Norodom Sihanouk, roi Soleil façon khmère

Le Théâtre du Soleil recrée l’épopée du roi du Cambodge écrite par Hélène Cixous.

Anaïs Heluin  • 17 octobre 2013 abonné·es

Un parquet posé sur le plateau, un rideau orange et quelques chaises : c’est dans sa sobriété scénographique habituelle que le Théâtre du Soleil a célébré aux Francophonies en Limousin la nouvelle création d’une grande pièce de son répertoire. Avec sa large galerie de personnages, ses drames politiques et son souffle shakespearien, l’Histoire terrible mais inachevée de Norodom Sihanouk, roi du Cambodge (1985), épopée composée par Hélène Cixous, semble faite pour se déployer sur une scène nue. Sans décontextualiser les aventures du monarque et père de l’indépendance de son pays en 1953, ce minimalisme fait du Cambodge une terre ouverte à tous les imaginaires. À toutes les rencontres et métamorphoses, aussi. Car, loin de renaître à l’identique, la pièce fleuve (huit heures, entractes compris) apparaît sous un nouveau visage. Celui de la jeune Cambodgienne San Marady, concentré d’énergie haut comme trois pommes, qui incarne Norodom Sihanouk à la place de Georges Bigot, le Sihanouk de l’époque Mnouchkine.

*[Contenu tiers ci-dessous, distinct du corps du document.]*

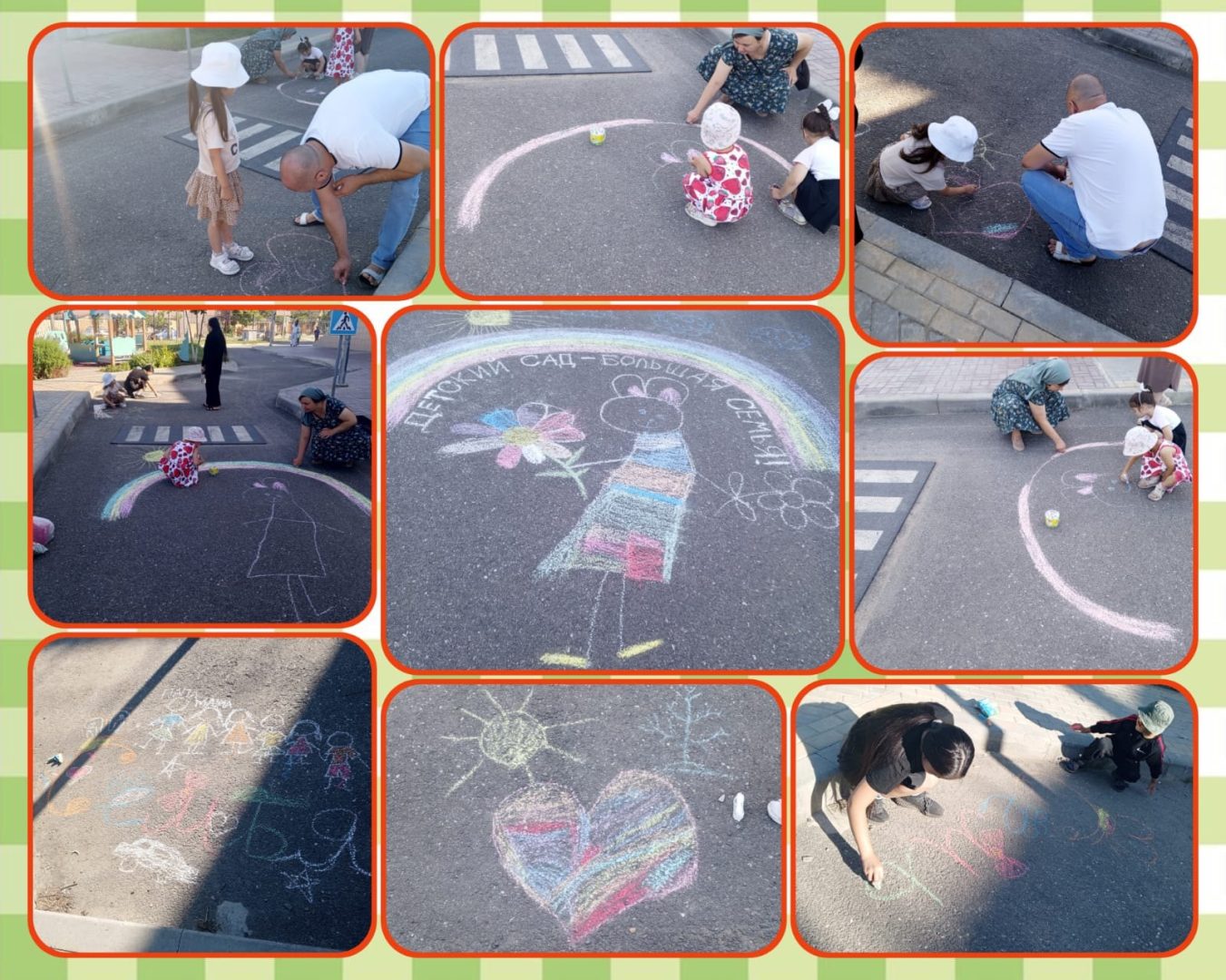 В прекрасный праздник «День семьи, любви и верности» в группе № 9 прошёл конкурс рисунков на асфальте «Моя семья», родители вместе с детьми нарисовали прекрасные рисунки, которые теперь будут украшать наш сад и напоминать о том, что семья это самое важное и главное, что у нас есть.
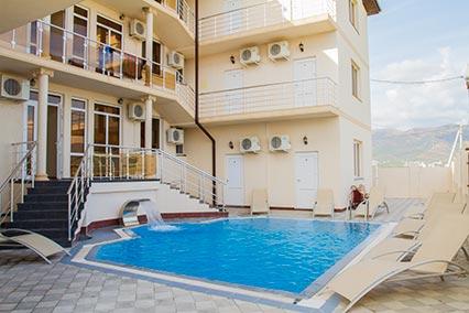 К услугам для комфорта и отдыха: детская площадка, бассейн, бесплатная маршрутка по расписанию до центрального пляжа и обратно. Также к услугам отдыхающих на территории гостевого дома функционирует мини-бар.
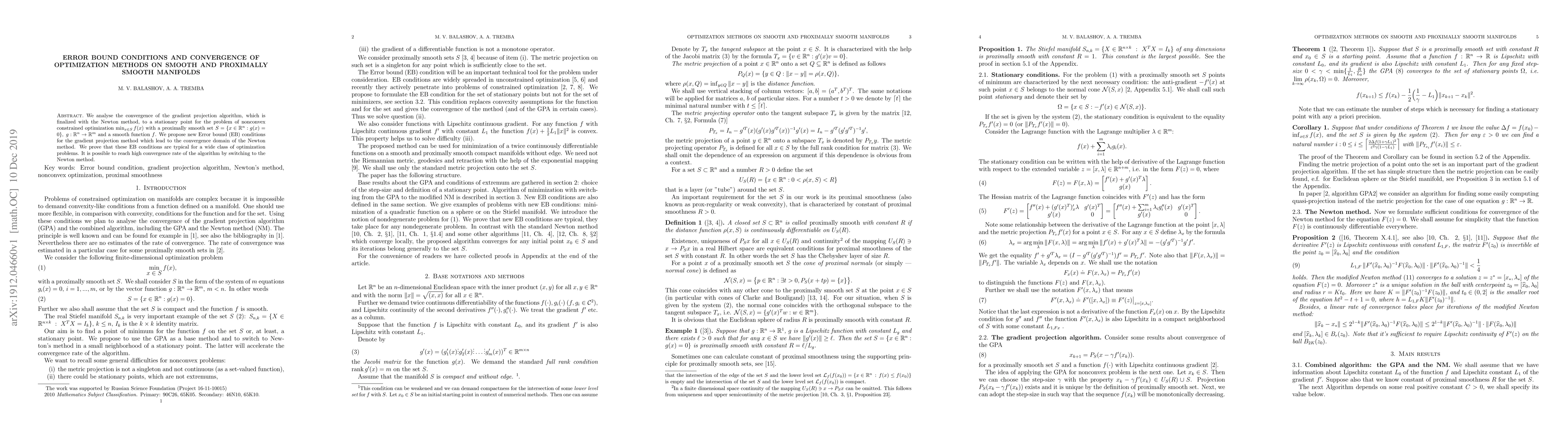 We analyse the convergence of the gradient projection algorithm, which is finalized with the Newton method, to a stationary point for the problem of nonconvex constrained optimization $\min_{x \in S} f(x)$ with a proximally smooth set $S = \{x \in R^n : g(x) = 0 \}, \; g : R^n \rightarrow R^m$ and a smooth function $f$. We propose new Error bound (EB) conditions for the gradient projection method which lead to the convergence domain of the Newton method. We prove that these EB conditions are typical for a wide class of optimization problems. It is possible to reach high convergence rate of the algorithm by switching to the Newton method.
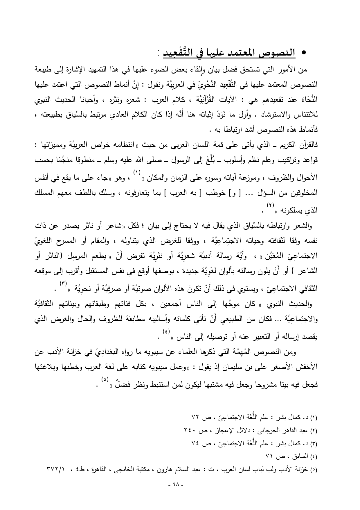 (¬1) د. كمال بشر: علم اللُّغَة الاجتماعِيّ، ص 72
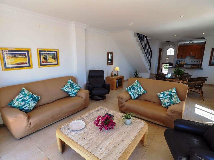 El salón es luminoso y tiene vistas al mar. Hay una zona de estar con TV vía satélite, DVD y equipo de música. Hay una zona de comedor para 6 personas. A través de puertas correderas se puede acceder a la terraza con vistas al mar. WIFI
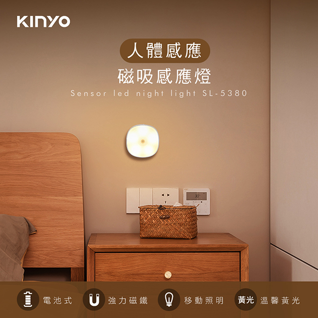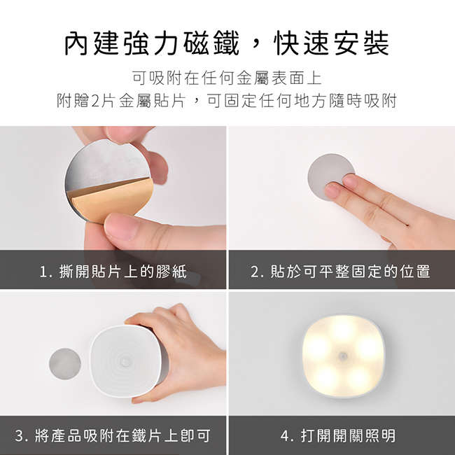 額定電壓:DC 4.5V 額定電流:58mA 總額定消耗電功率:0.22W 使用電源:4號AAA電池x3 (另購) 光源:LED 5顆, 0.044W x 1pcs 色溫:3090K 材質:ABS塑膠 配件:磁吸片x2 產品尺寸: W86xH87xD29 mm 產品重量: 65 g
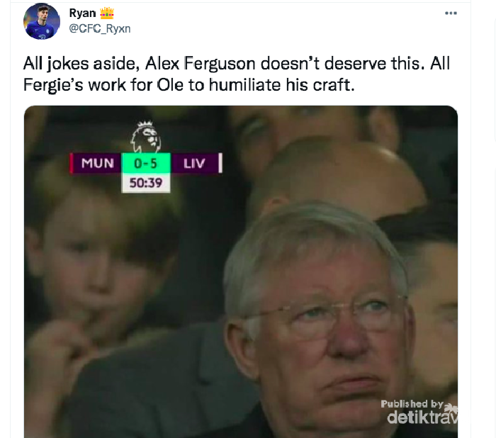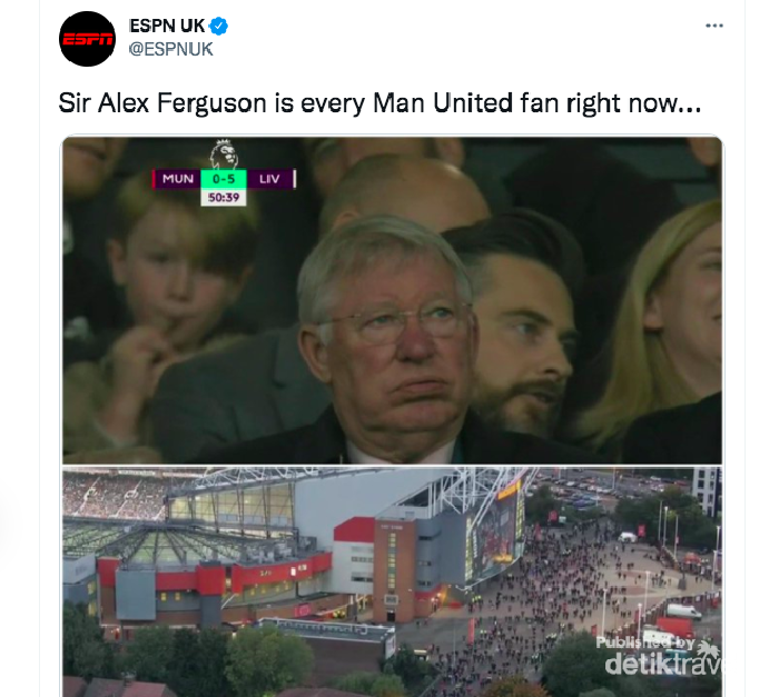 Bahkan Alex Ferguson tidak mempercayai MU dibantai Liverpool. Foto: Twitter

Aujourd’hui cometteur en scène du spectacle avec Delphine Cottu, Bigot a travaillé pendant sept ans avec une trentaine de comédiens et de musiciens en formation à l’École des arts Phare Ponleu Selpak de Battambang, ville de l’ouest du Cambodge. Ce sont eux qui, avec une énergie puisée dans une histoire sanglante, portent aujourd’hui le monarchisme sans cesse contrarié de Norodom Sihanouk de 1953 à la fin du régime khmer rouge en 1979. Accordé à la poésie épique du texte traduit pour l’occasion en langue khmère (et surtitré en français), leur jeu vif excelle à rendre sensibles les contradictions du personnage central. Autrement dit, celles d’un symbole d’un XXe siècle meurtrier, d’une humanité meurtrière.

C’est sûr, la grandeur du geste théâtral orchestré par Georges Bigot doit beaucoup au difficile parcours des artistes cambodgiens. À leur mémoire fragmentée de l’après-génocide, puis reconstituée avec les deux metteurs en scène. Mais ce n’est pas tout : leur douleur sourde, ils ont su la transcender, lui donner une portée théâtrale aussi vaste que le pan d’histoire du Cambodge auquel ils prêtent leur souffle. Résultat : un étourdissant jeu de chaises tournantes, où Sirik Matak (Chhit Chanpireak), le cousin du roi, Pol Pot (Chea Ravy saisissante de violence contenue) ou encore le général Lon Nol (Houn Bonthoeun) et bien d’autres émergent de l’ombre avant d’être avalés par le tourbillon de l’histoire.